WHAT THE TASK REQUIRES:
The output must start at the line containing "近日,位于湖南省长沙市长沙县" in the records below and stop at the last line, matching each line exactly and leaving out every picture.

____

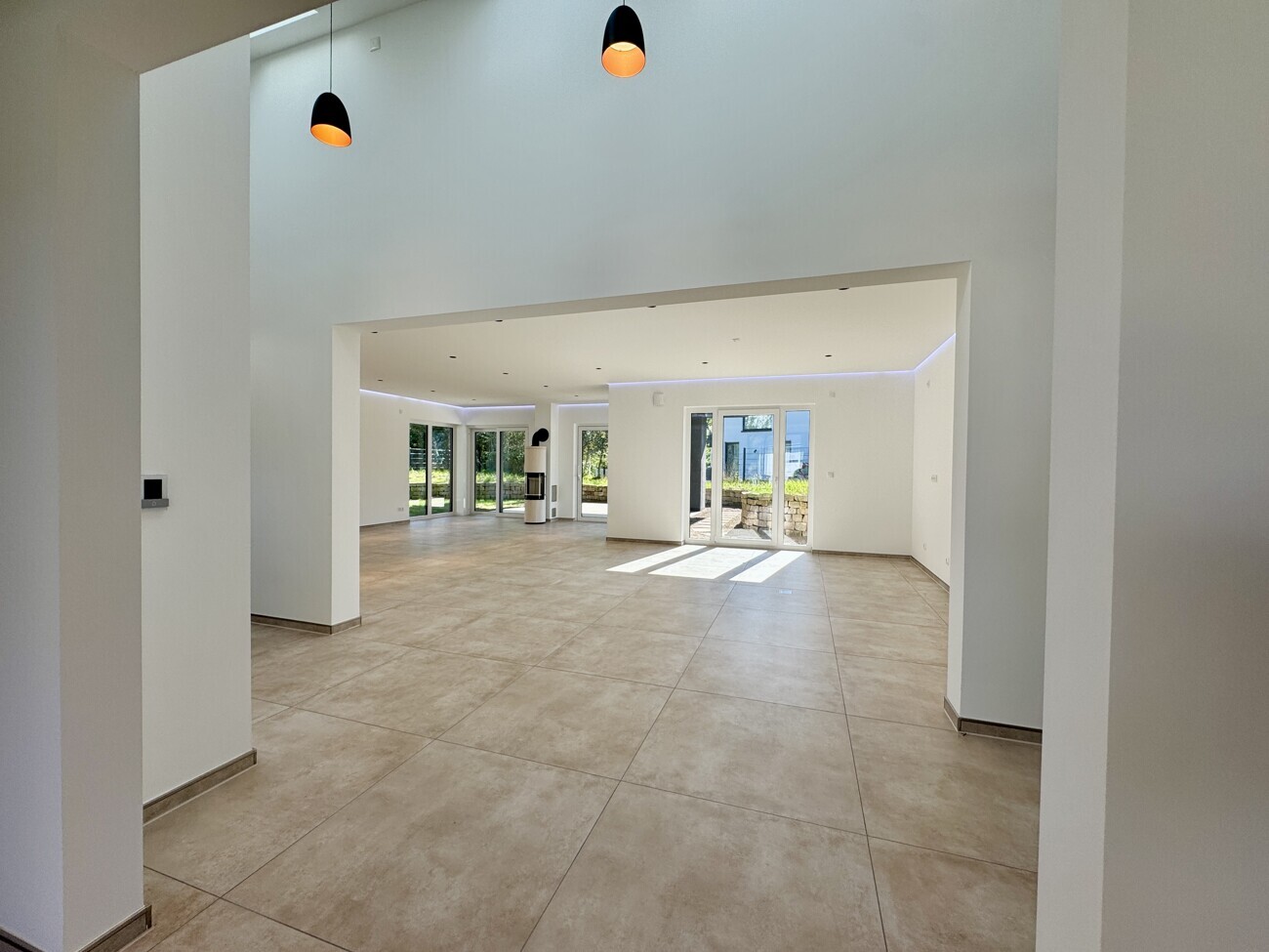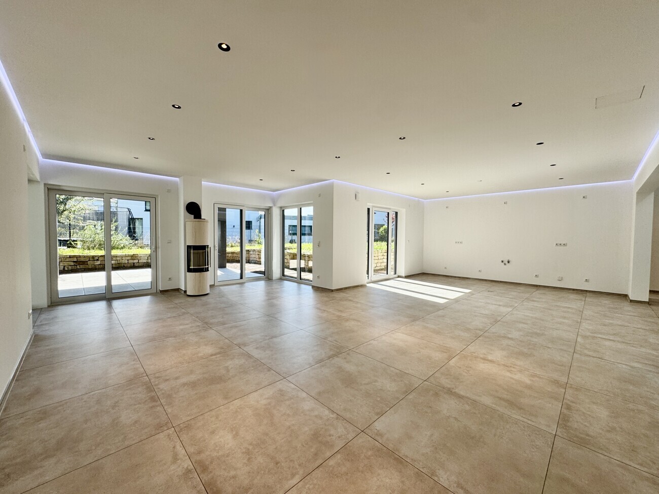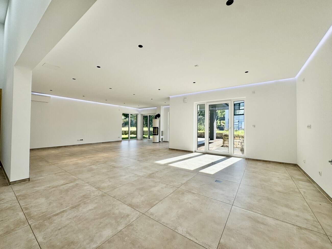 Der offene Koch-, Ess- und Wohnbereich erstreckt sich über ca. 57 m² und bietet einen einzigartigen Blick auf die knapp 30 m² große Südterrasse. Hochwertige 90×90 cm Fliesen, ein eleganter Specksteinofen und smarte Lichtsteuerung mit dimmbaren und farbwechselnden Lichtakzenten schaffen eine Atmosphäre von zeitloser Eleganz. Eine integrierte Klimaanlage sorgt an warmen Tagen für ein angenehmes Raumklima.
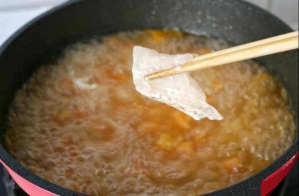 12、湯汁沸騰,把醃好的魚片一片一片下入鍋中汆燙。
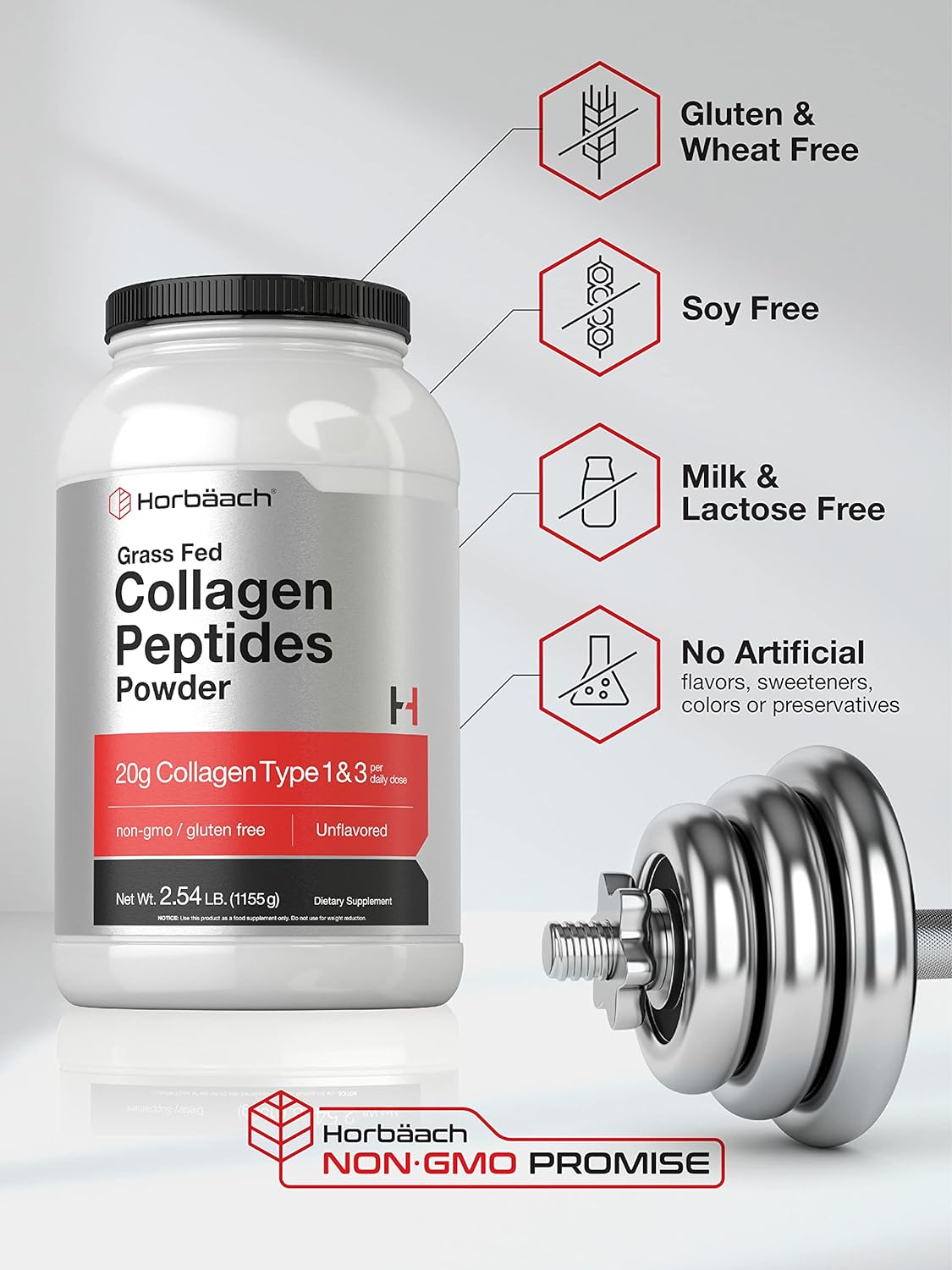 Collagen Peptides Powder 40 Oz | Unflavored | Type 1 And 3 | Hydrolyzed Protein Collagen | Keto And Paleo Supplement | Grass Fed, Non-Gmo, Gluten Free | By Horbaach
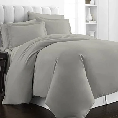 Pizuna 100% Cotton Double Duvet Cover Set Silver, 400 Thread Count Long Staple 200x200cm, Sateen Weave Quilt with Button Closure (Double Cotton)
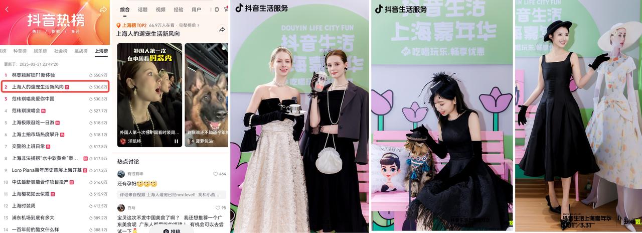 在上海市楊浦區(qū)商務(wù)委員會和上海市楊浦區(qū)文化和旅游局的共同指導(dǎo)下,結(jié)合第四屆“上海寵物時裝周”及國際大展《親密的奧黛麗·赫本》,抖音生活服務(wù)在上海國際時尚中心設(shè)置互動打卡點,邀請達(dá)人身著赫本風(fēng)服飾攜寵走秀,助力展覽門票和赫本風(fēng)妝造等周邊服務(wù)售賣。此外,攜手海爾搭建戶外裝置,為現(xiàn)場有需要的毛孩子們提供免費(fèi)機(jī)洗服務(wù)。定制款貓窩也一同亮相會場,瞬間成為互動打卡的焦點,受到現(xiàn)場愛寵市民的熱烈追捧。
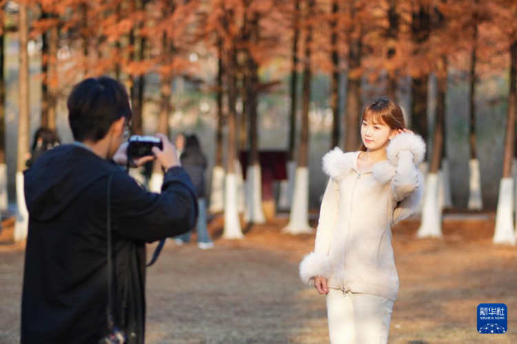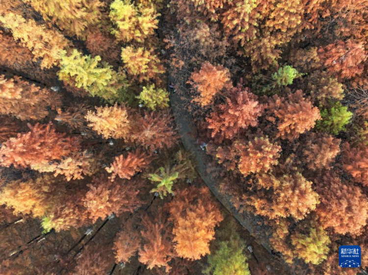 近日,位于湖南省长沙市长沙县的湖南松雅湖国家湿地公园的水杉迎来了最佳观赏期,吸引市民前来游玩打卡。
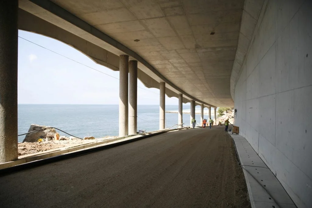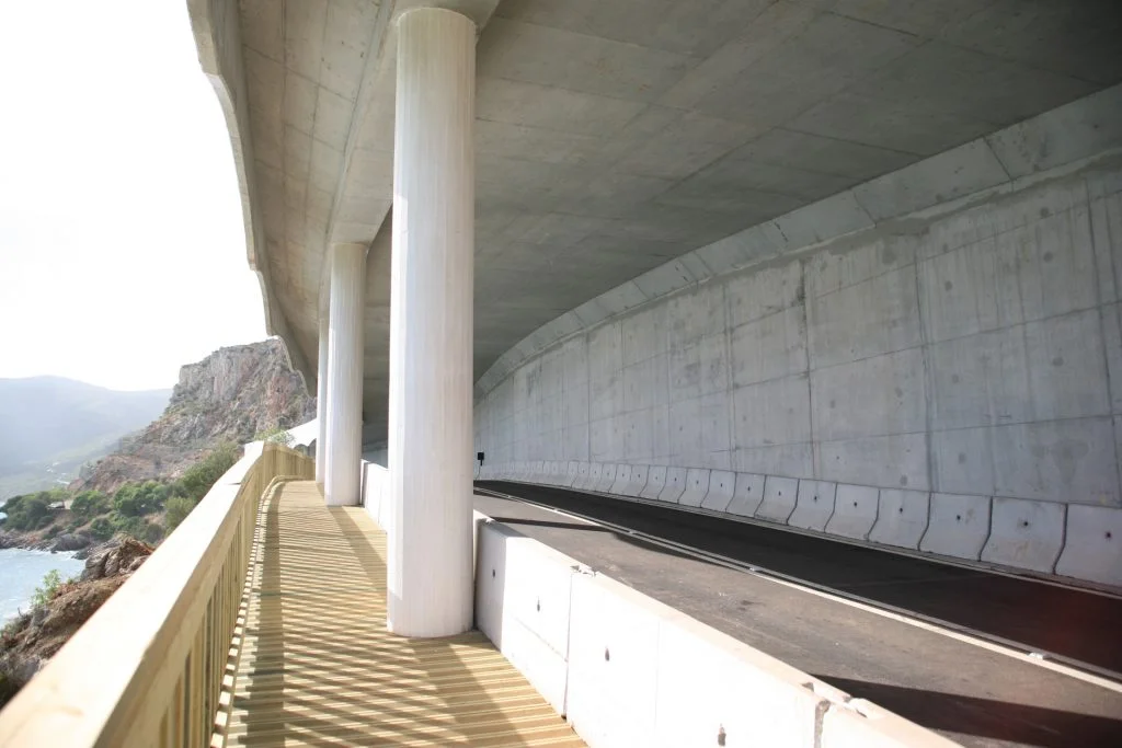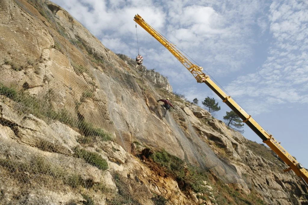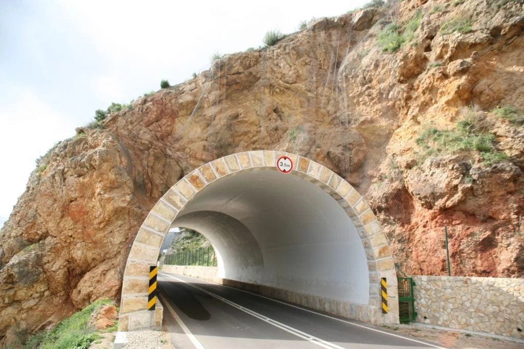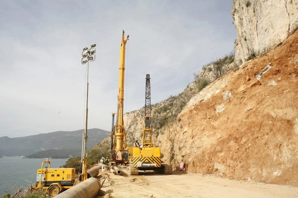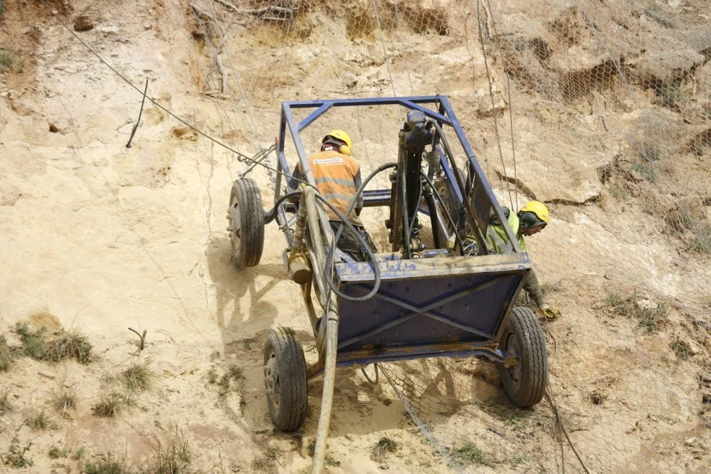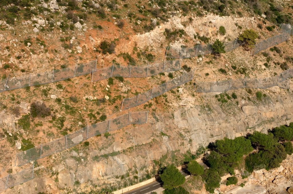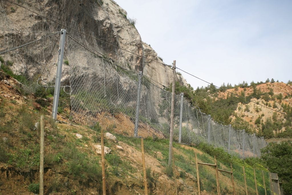 Trabalhos de estabilização da encosta da Serra da Arrábida, numa extensão aproximada de 4.000 m, entre o Outão e o Portinho da Arrábida através da execução de barreiras dinâmicas de alta e média resistência, redes de proteção pregadas, túneis falsos em concreto armado, muros de suporte, pregagens e ancoragens.

____

ANSWER:
 近日,位于湖南省长沙市长沙县的湖南松雅湖国家湿地公园的水杉迎来了最佳观赏期,吸引市民前来游玩打卡。
 Trabalhos de estabilização da encosta da Serra da Arrábida, numa extensão aproximada de 4.000 m, entre o Outão e o Portinho da Arrábida através da execução de barreiras dinâmicas de alta e média resistência, redes de proteção pregadas, túneis falsos em concreto armado, muros de suporte, pregagens e ancoragens.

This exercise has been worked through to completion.